What this task involves:
Going line by line through the records below, write out everything starting with the line containing "This card was" and going on through the line containing "3 are clear.", exactly and inclusively. Pictures do not go in.

--- START ---

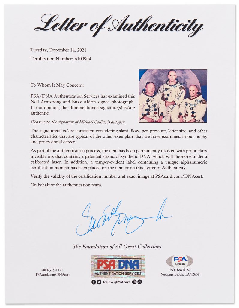 Neil Armstrong and Buzz Aldrin signed Apollo 11 red number photo, with “A Kodak Paper” watermark and NASA press release on verso, with additional autopen signature of Michael Collins. With inscription by Armstrong, “To Laurie – Best Wishes”. Desirable crew portrait shows the three astronauts in their white spacesuits, with photo number S-69-31379 in red at upper left. Glossy photo measures 10″ x 8″. Light creasing, tape to verso along edges, and some discoloration at upper corners. Very good condition. With PSA/DNA COA. Sold for $2,940.
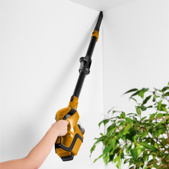 Spinnenwebben aan het plafond, stof op de kast, kruimels op de bank of op de vloer: voor alle deze situaties volstaat dit ene apparaat: de CYCLOON-MULTI-KRUIMELDIEF! Het draadloze apparaat zuivert dankzij verschillende sproeierkoppen alle oppervlakken. Een verlengbuis (81 cm) met scharnier maakt hem tot stofzuiger, waarmee u werkelijk elk hoekje kunt bereiken. Inclusief elektrische turbo-zuigmond voor meer efficiëntie. Werkt op accu (opladen via 230-V-oplaadstation). Afmetingen zonder scharnierbuis (b x l x h): ca. 13 x 38 x 19 cm. Gun uzelf een energieke, flexibele zuiger voor alle doeleinden!
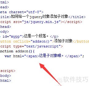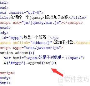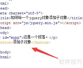1、 创建一个名为test.html的文件,用于演示如何为jQuery对象添加子元素。
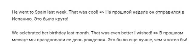 Например: That was funny! I had a wonderful time! – Это было прекрасно! Я замечательно провел время!
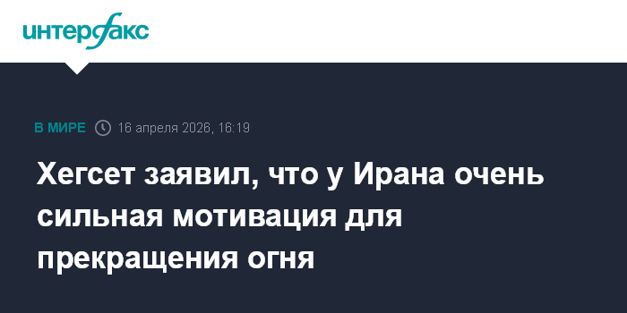 Москва. 16 апреля. INTERFAX.RU - Мотивация Ирана для прекращения огня очень велика, заявил в четверг на пресс-конференции глава Пентагона Пит Хегсет.
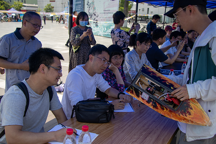 在答辩评分环节中,参赛选手们分组向评委们介绍自己船体的相关理念和技术,同时评委们也提出了一些专业问题以更好的了解同学们的设计思路。
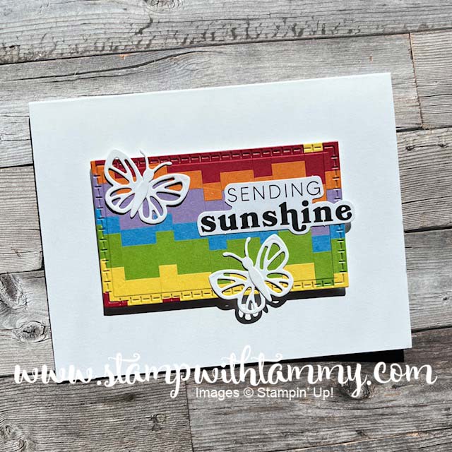 This card was made with a rainbow of colors, topped off with a white butterfly!
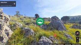Partendo dal parcheggio (bussola 1) incontriamo un bivio (bussola 2) dopo circa 100m. Qui svoltiamo a destra verso la grotta (bussola 3). Ti chiedi come siano finite queste grandi rocce in questo enorme buco profondo 50 metri? Se guardi a nord, troverai la risposta: colpa del mare.
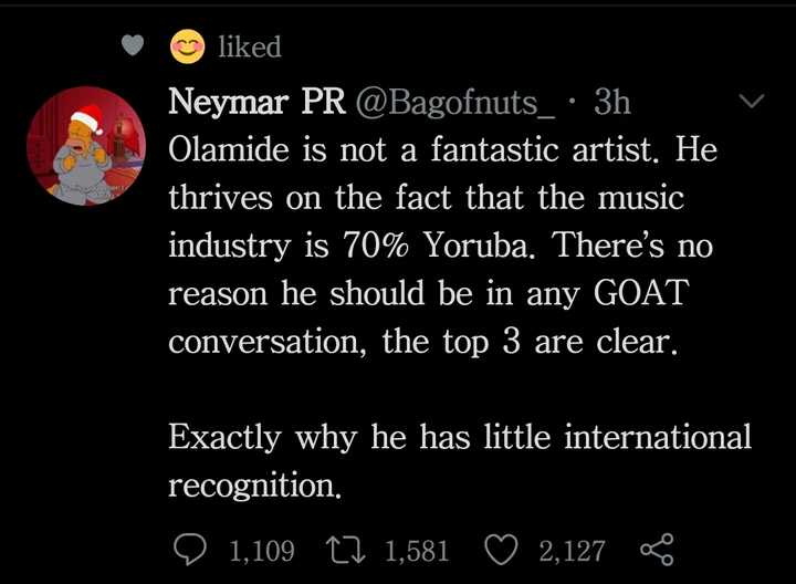 “Olamide is not a fantastic artist. He thrives on the fact that the music industry is 70% Yoruba. There’s no reason he should be in any GOAT conversation, the top 3 are clear.
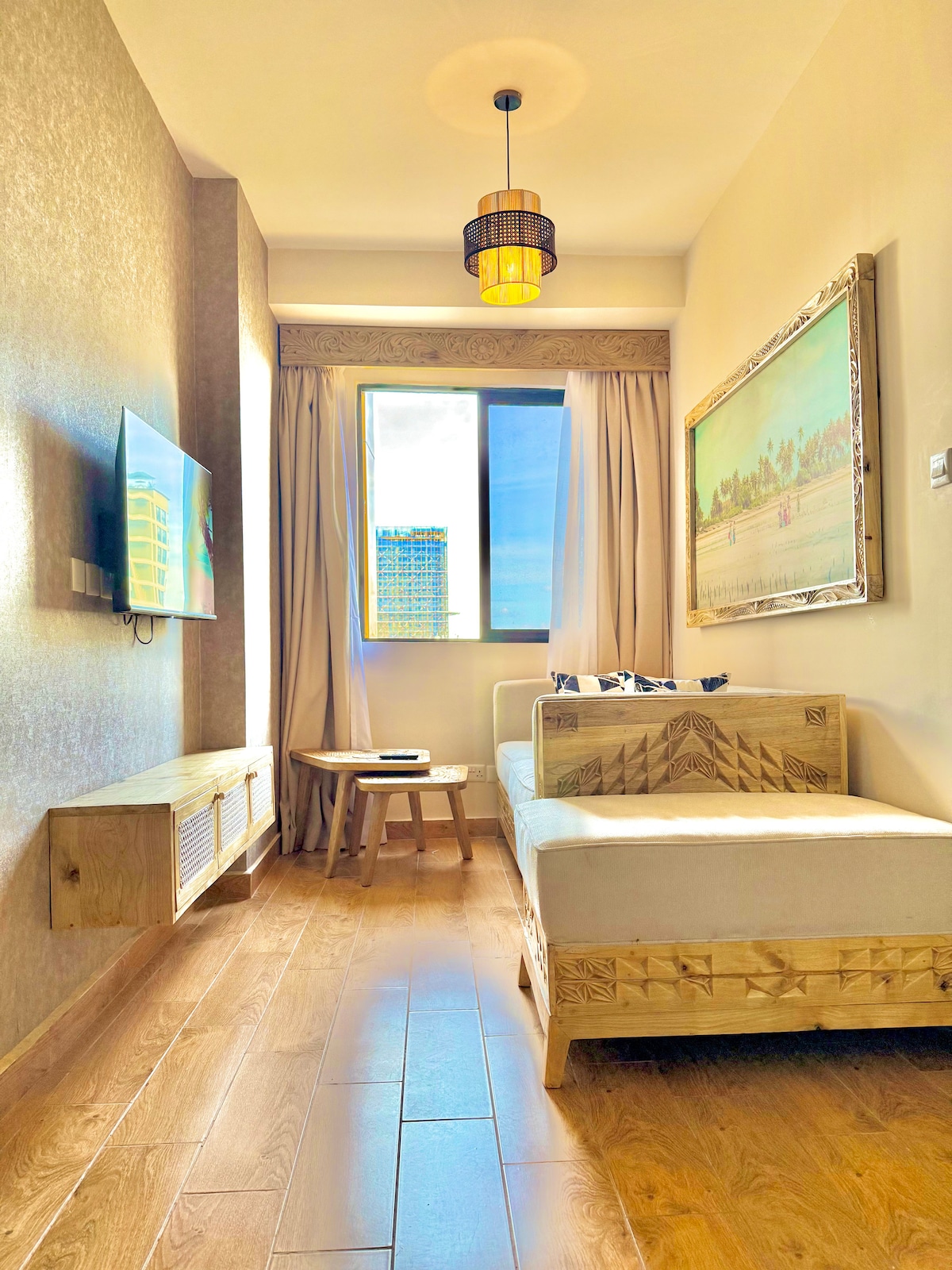 Vælg ren og overskuelig energi, og du vil finde denne lejlighed udstyret til de mest kræsne gæster. Boligen er minimalistisk med en farvetone, der passer til den moderne indretning med et strejf af japansk Wabi Sabi-stil. Farverne er rolige og neutrale, og komfort er standard. Væg til væg-glasfacadevinduer oversvømmer rummet med naturligt lys (og varme). Vil du have en siesta? Bemærk: Fitnessrum og pool er betalt for gæster, der bor +30 dage
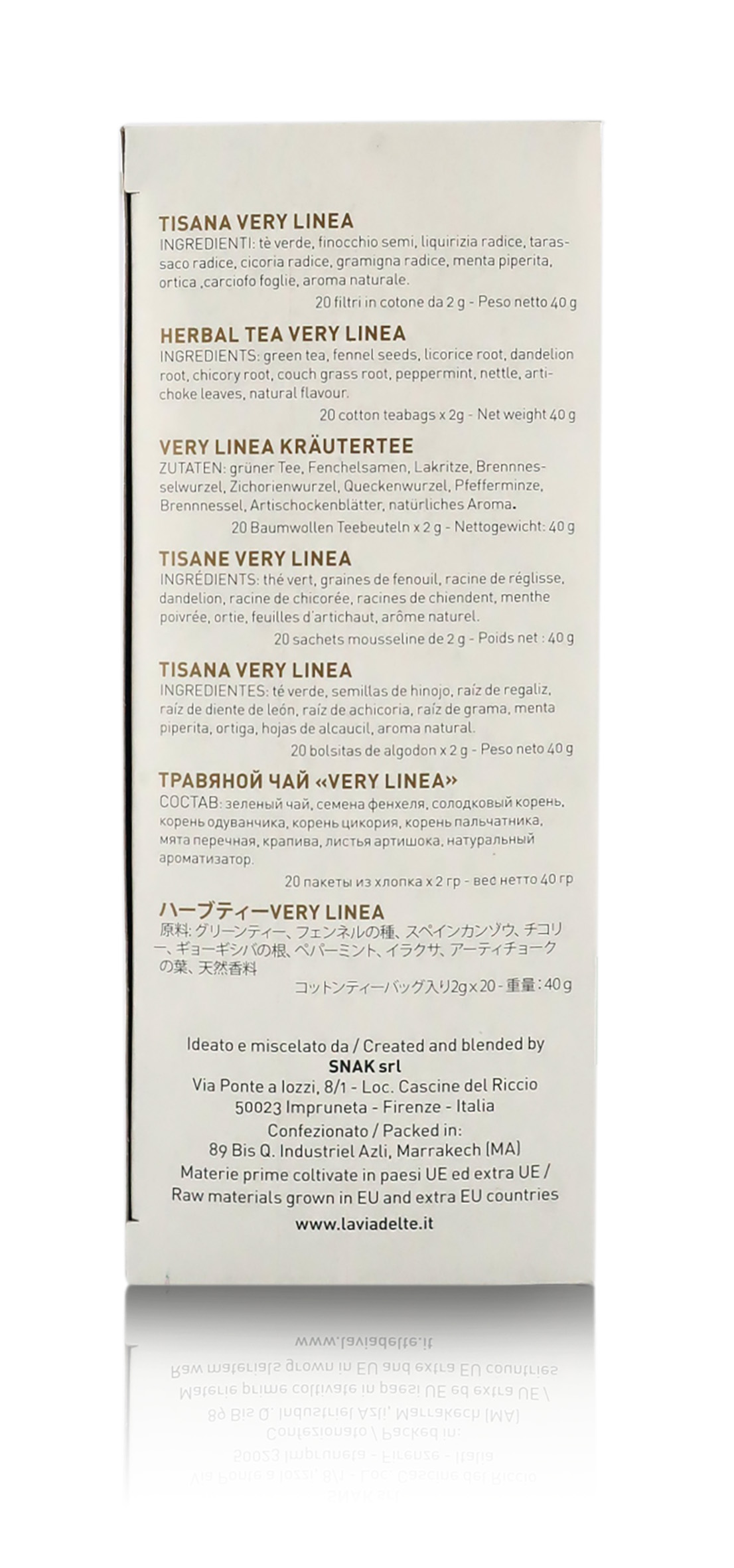 Miscela Very Linea per la preparazione di una buonissima tisana diuretica. La base di tè verde è arricchita da una pletora di erbe dall'indiscusso effetto benefico per la regolarità diuretica. Ideale per depurare ed eliminare i liquidi in eccesso. In astuccio da 20 filtri.

--- END ---

Output:
 This card was made with a rainbow of colors, topped off with a white butterfly!
Partendo dal parcheggio (bussola 1) incontriamo un bivio (bussola 2) dopo circa 100m. Qui svoltiamo a destra verso la grotta (bussola 3). Ti chiedi come siano finite queste grandi rocce in questo enorme buco profondo 50 metri? Se guardi a nord, troverai la risposta: colpa del mare.
 “Olamide is not a fantastic artist. He thrives on the fact that the music industry is 70% Yoruba. There’s no reason he should be in any GOAT conversation, the top 3 are clear.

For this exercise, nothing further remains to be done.